Reverter a ociosidade de espaços tem ficado cada vez mais caro nas grandes cidades brasileiras. E essa máxima vale tanto para o poder público, como para a esfera privada. Edifícios comerciais, e residenciais também, já andam fazendo as contas para potencializar a utilização daqueles metros quadrados, que muitas vezes estão em regiões extremamente valorizadas, mas ficam vazios horas e horas ao longo dos dias. É de olho nesse potencial que a Unlog, nova denominação da Unpark desde fevereiro de 2020, aposta. Como startup logtech, cujo conceito se baseia em reinventar a utilização de espaços ociosos nas grandes cidades, transformando-as em pontos de apoio para a logística, a empresa já aumentou a sua receita em 20 vezes desde a fundação, em 2018.

 

"Nossa proposta é ser um oásis para o ecossistema de logística, oferecendo pontos de apoio que diminuam os impactos de custo, tempo e ambientais. Os bastidores da logística são um mundo árido e hostil. Ninguém se importa muito com a qualidade de vida dos entregadores, mas se esquece que isso impacta na velocidade e qualidade da entrega." - Michele Dim D'Ippolito, CEO e co-fundador da Unlog.

 

Nos últimos seis meses, a Unlog fechou contratos com gigantes dos segmentos de bebidas, tabaco e medicamentos. E sabe que há espaço para mais.

 

"A mudança de nome não só preserva os valores e o compromisso dos serviços aos clientes já estabelecidos, mas também amplia os negócios no hub de logística e na mobilidade para empresas."

 

Hoje, a Unlog está desenhada em quatro frentes de negócios, que funcionam como produtos da startup. São elas, Unpod, Undock, Unpark e Unpass.

 

“As metas de crescimento são realistas, mas vão demandar um fluxo de caixa consistente, por isso abrimos uma nova rodada de captação focada em investidores que tem em seu radar o segmento de logística que é uma das grandes promessas dos próximos anos.” -  Samantha Barbieri, co-fundadora da Unlog.

 

Unpod

O Unpod, cuja ideia é ter smartlockders multifuncionais que podem ser usados como pick-up points e nano crossdocks, já entrou no radar de multinacionais.
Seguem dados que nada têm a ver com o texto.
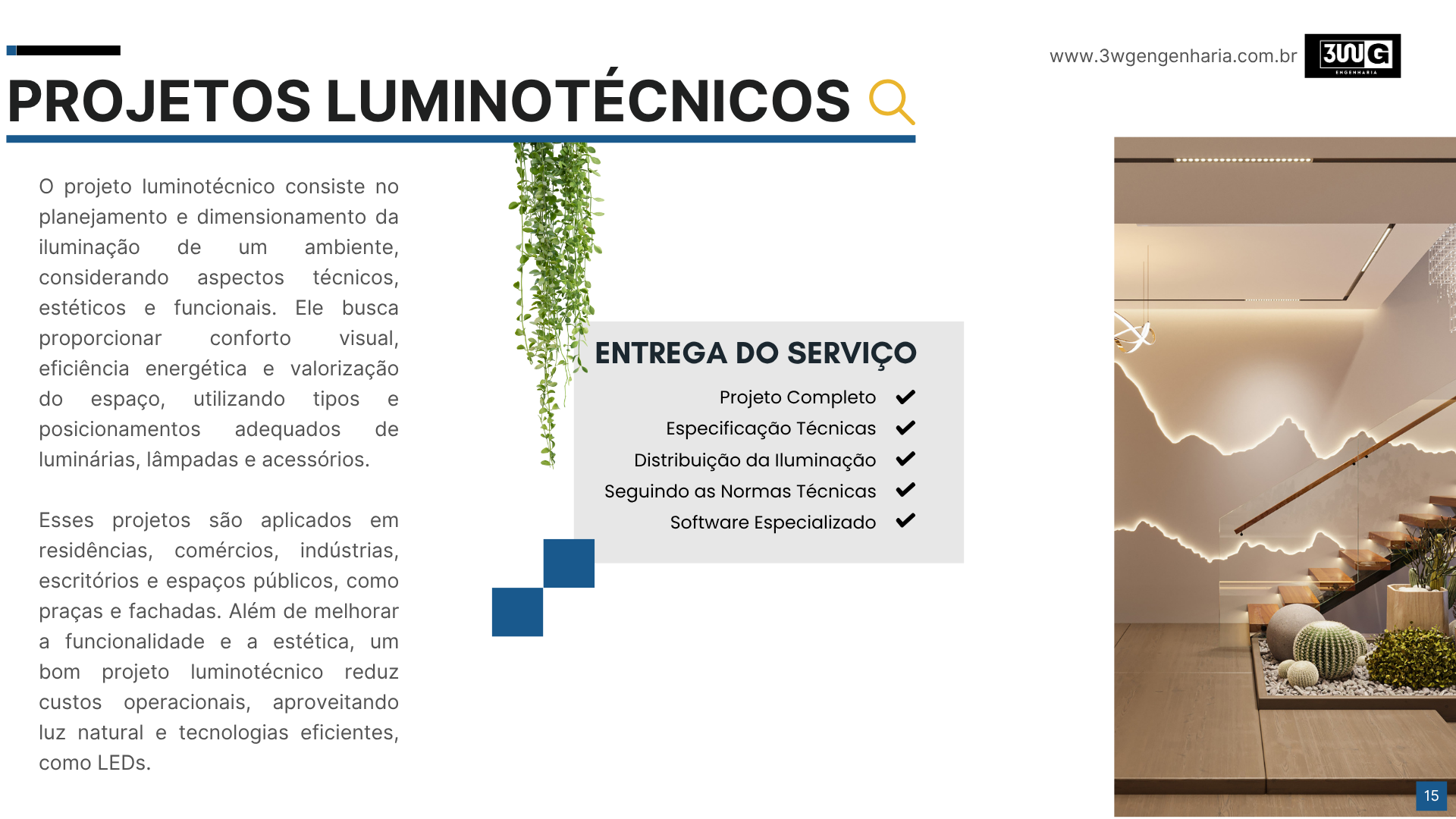 • Definição da quantidade e disposição das luminárias para iluminação eficiente.
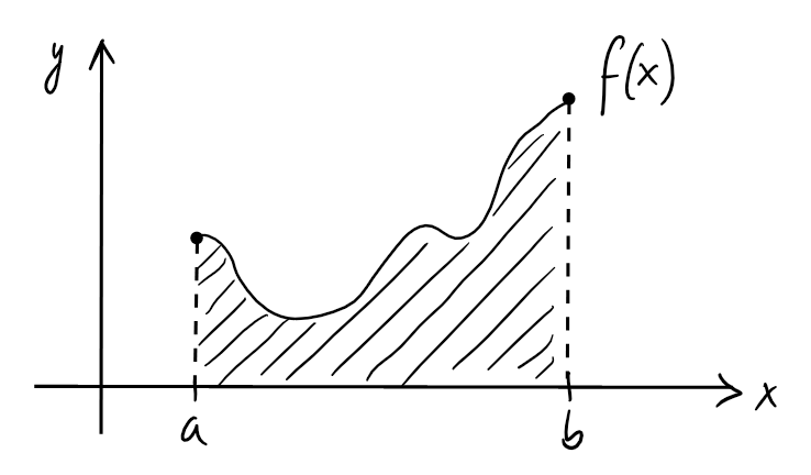l'axe \(Ox\) et le graphe de \(f\), entre \(a=0\) et un point \(b\gt 0\).
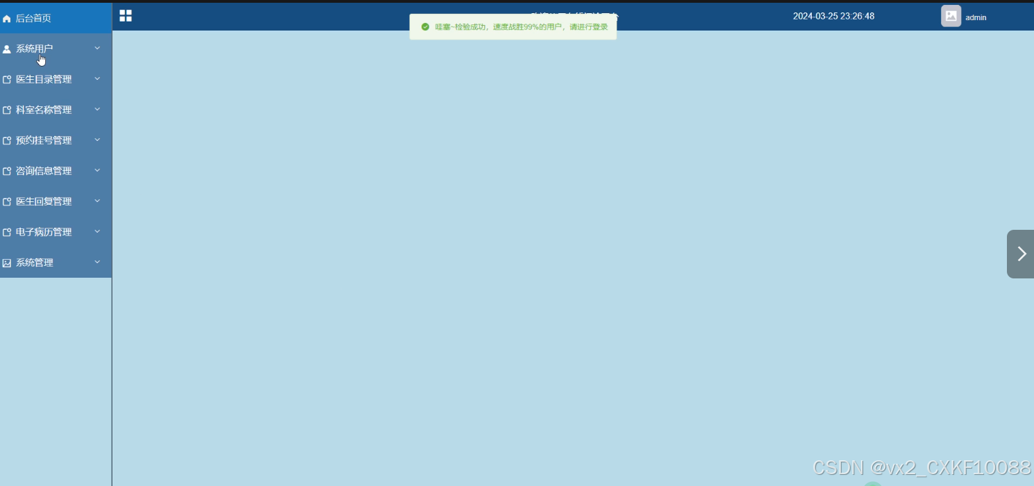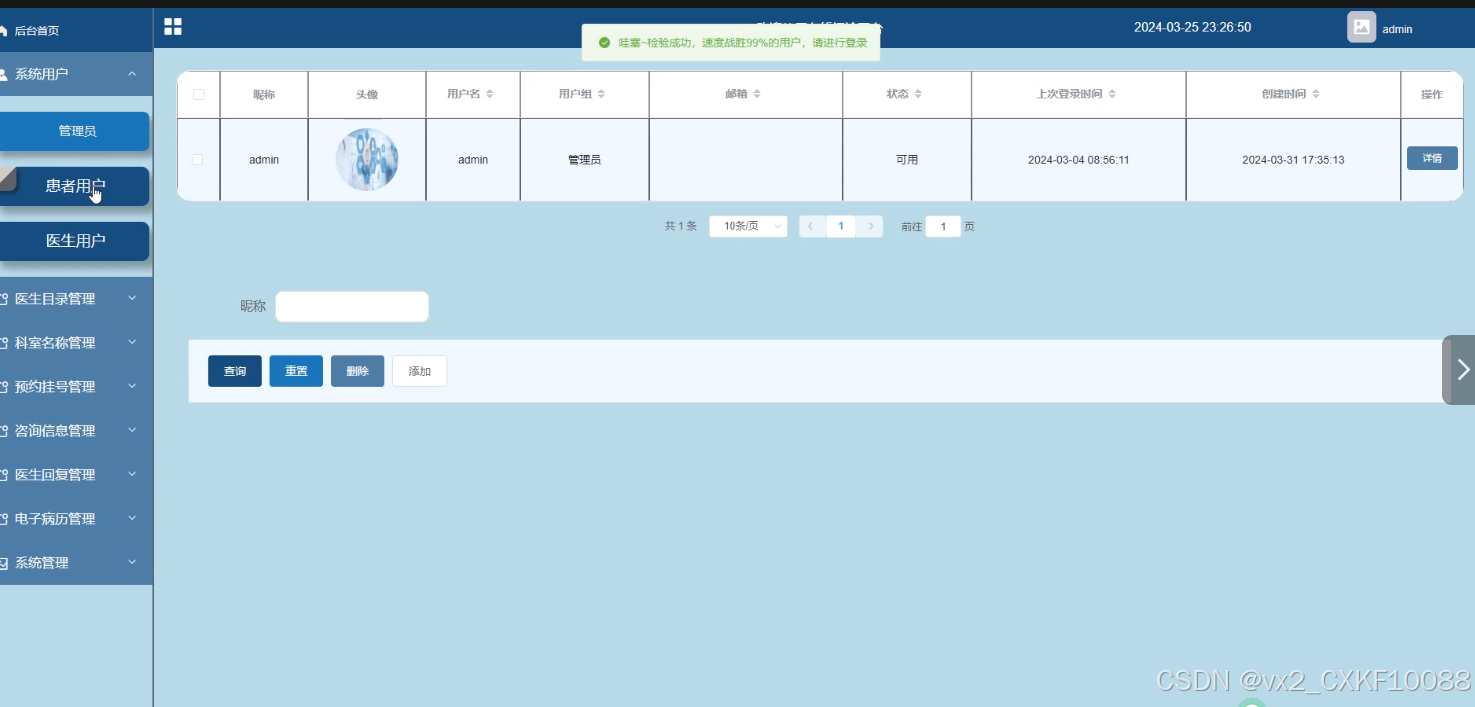 除了医生和患者之外,平台还提供了管理员角色,方便对平台进行管理和维护。管理员可以实时监控系统的运行状态、处理用户反馈和投诉,并进行相应的优化和改进。这种灵活的管理方式使得平台能够持续提升用户体验和服务质量。
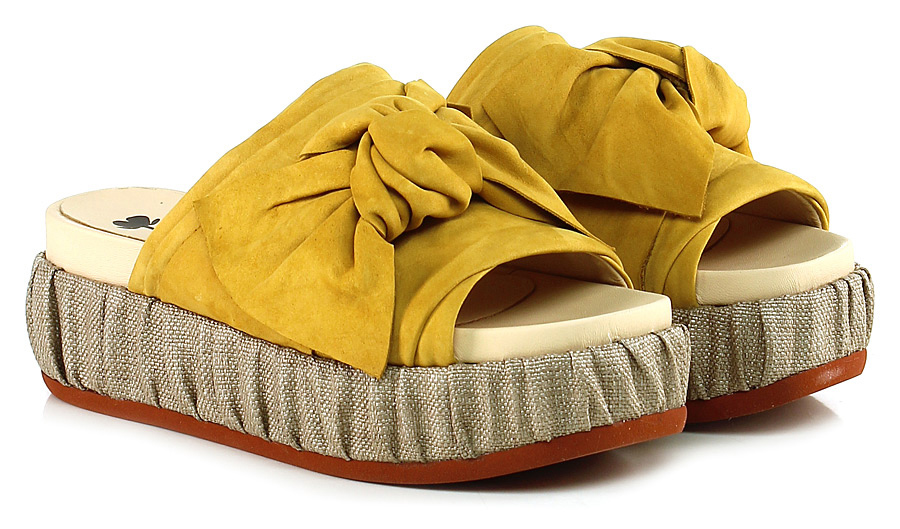 Sandalo basso in camoscio con fiocco frontale e suola in gomma. Tacco 60, platform 50 con battuta 10. Platform in tessuto lavorata.
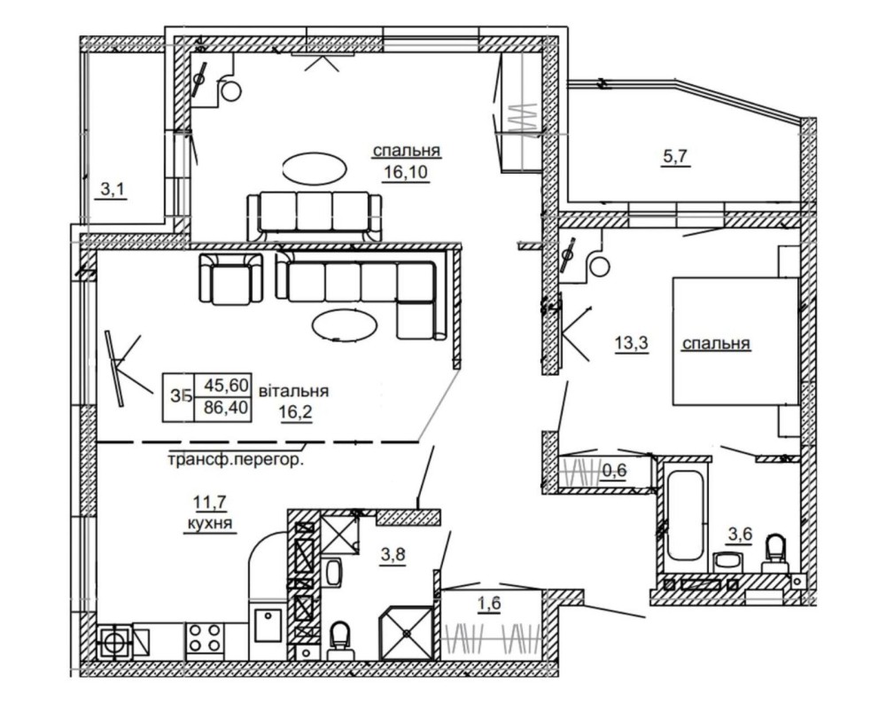 • Трехкомнатная
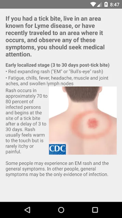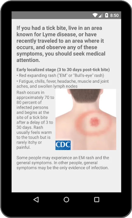 This app cannot and should not replace a doctor consultation. App content is only for pocket reference & educational purposes only. Consult a doctor if you believe you have contracted Lyme disease.
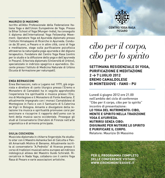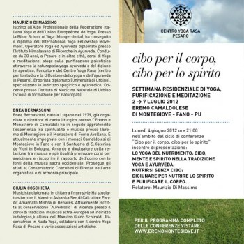 Lezioni e confronto sull’alimentazione naturale, l’alimentazione secondo lo yoga e l’ayurveda, sulla relazione tra cibo, mente e spirito.

A Ambev fechou o primeiro pedido com a Unlog e vai iniciar a implementação da solução em abril deste ano, no Rio de Janeiro.  A ideia é ampliar a velocidade e os canais de interação com o consumidor final.
Mas o uso do Unpod não se limita ao crossdock. Há também o modelo pick-up point.


Undock

Outro produto que está na mira das multinacionais é o Undock, que são pequenos centros de distribuição urbanos de 70 a 300 m2 para crossdock e estoque avançado. O grande diferencial dessa frente de negócio é conseguir por meio da ocupação de espaços ociosos, oferecer um ponto estratégico de distribuição a um custo de metro quadrado supercompetitivo. 

 

Outras soluções

Além do Unpod e Undock, a startup de Logtech ainda oferece soluções para otimizar o uso do estacionamento. Batizado de Unpark, a ideia é ofertar uma plataforma de assinatura de estacionamento, lastreada no conceito "milk run". Em outras palavras, "milk run" remete à corrida do leiteiro, quando o entregador tinha que ir de casa em casa, e deixar na porta a garrafinha de leite cheio, e para aproveitando o trajeto, otimizar a logística e já retirar as garrafas vazias. Unpark, que agora se torna um produto, era, inclusive a antiga denominação da companhia, que a partir de fevereiro de 2020 passou a se chamar Unlog.

 

“A história da Unpark, hoje Unlog, começa em 2018, quando tivemos a ideia de conectar pessoas com vagas ociosas com quem gostaria de pagar menos para estacionar. Assim nascia o app da Unpark. Com o passar do tempo, identificamos que o modelo sofria para ganhar escala pelo aspecto cultural das grandes cidades brasileiras. Então, em julho de 2019, com um grande ativo de espaços ociosos cadastrados na mão, e com o mercado de logística sedento por inovação, resolvemos pivotar totalmente a startup e transformá-la em um hub de logística e mobilidade para empresas. Foi aí que percebemos que tínhamos mirado em uma formiga e acertado em um elefante.” - Michele Dim D'Ippolito.